### PROMPT
The expected output is exactly the lines below, starting at the line with "En ring av S925" and ending at the line with "對于生肉類品牌的設計,這還是", both included; no other line belongs in it.

*** Opening DATA EXTRACTS ***

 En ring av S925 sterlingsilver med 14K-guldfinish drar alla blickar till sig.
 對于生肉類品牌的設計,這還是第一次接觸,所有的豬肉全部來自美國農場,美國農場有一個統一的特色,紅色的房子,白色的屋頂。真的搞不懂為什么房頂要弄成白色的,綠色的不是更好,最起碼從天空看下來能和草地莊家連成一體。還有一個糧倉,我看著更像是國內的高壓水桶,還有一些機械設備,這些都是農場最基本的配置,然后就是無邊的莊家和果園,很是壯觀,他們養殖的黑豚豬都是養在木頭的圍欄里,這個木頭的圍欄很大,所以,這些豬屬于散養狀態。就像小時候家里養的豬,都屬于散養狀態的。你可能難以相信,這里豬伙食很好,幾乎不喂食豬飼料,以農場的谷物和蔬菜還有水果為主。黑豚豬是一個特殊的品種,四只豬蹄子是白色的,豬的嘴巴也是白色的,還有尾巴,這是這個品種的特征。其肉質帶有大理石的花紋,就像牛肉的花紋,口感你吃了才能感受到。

*** Closing DATA EXTRACTS ***
*** Opening DATA EXTRACTS ***

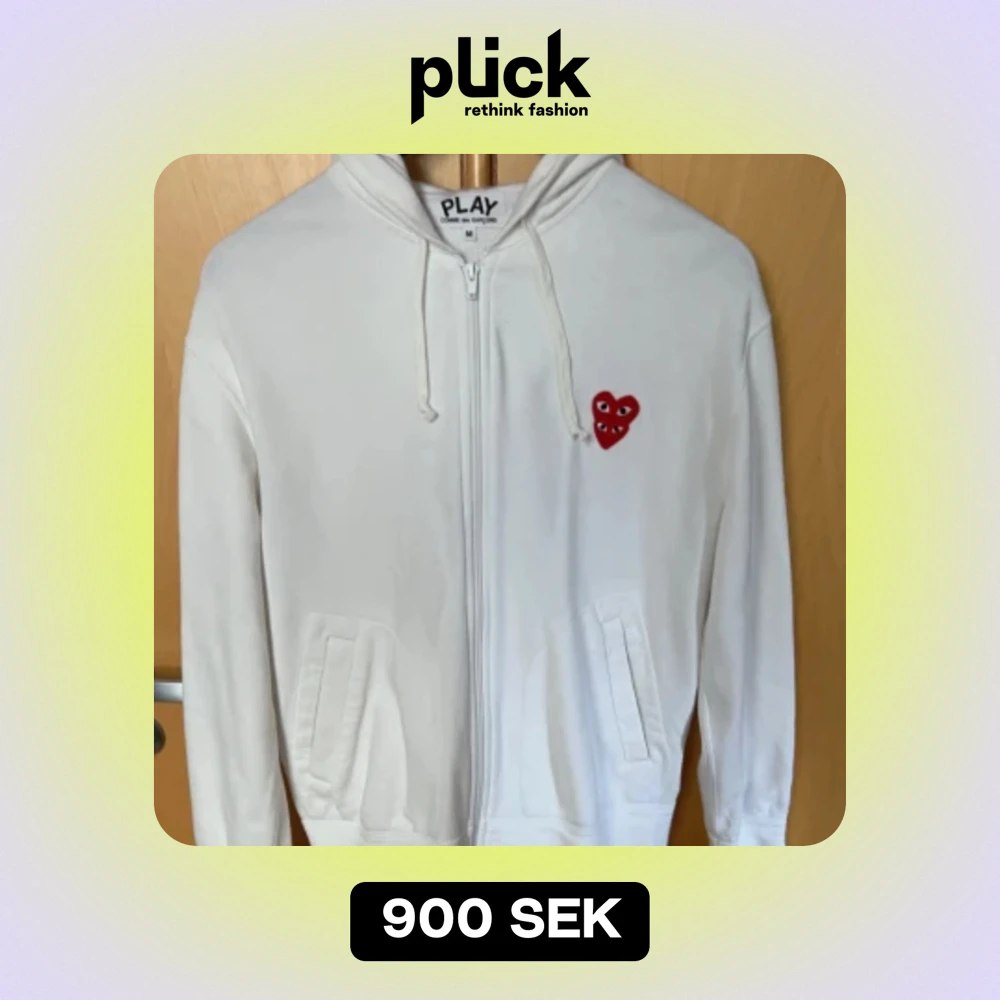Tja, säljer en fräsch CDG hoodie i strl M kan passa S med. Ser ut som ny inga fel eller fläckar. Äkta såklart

*** Closing DATA EXTRACTS ***

### RESPONSE TO THE EXERCISE
 En ring av S925 sterlingsilver med 14K-guldfinish drar alla blickar till sig.
 對于生肉類品牌的設計,這還是第一次接觸,所有的豬肉全部來自美國農場,美國農場有一個統一的特色,紅色的房子,白色的屋頂。真的搞不懂為什么房頂要弄成白色的,綠色的不是更好,最起碼從天空看下來能和草地莊家連成一體。還有一個糧倉,我看著更像是國內的高壓水桶,還有一些機械設備,這些都是農場最基本的配置,然后就是無邊的莊家和果園,很是壯觀,他們養殖的黑豚豬都是養在木頭的圍欄里,這個木頭的圍欄很大,所以,這些豬屬于散養狀態。就像小時候家里養的豬,都屬于散養狀態的。你可能難以相信,這里豬伙食很好,幾乎不喂食豬飼料,以農場的谷物和蔬菜還有水果為主。黑豚豬是一個特殊的品種,四只豬蹄子是白色的,豬的嘴巴也是白色的,還有尾巴,這是這個品種的特征。其肉質帶有大理石的花紋,就像牛肉的花紋,口感你吃了才能感受到。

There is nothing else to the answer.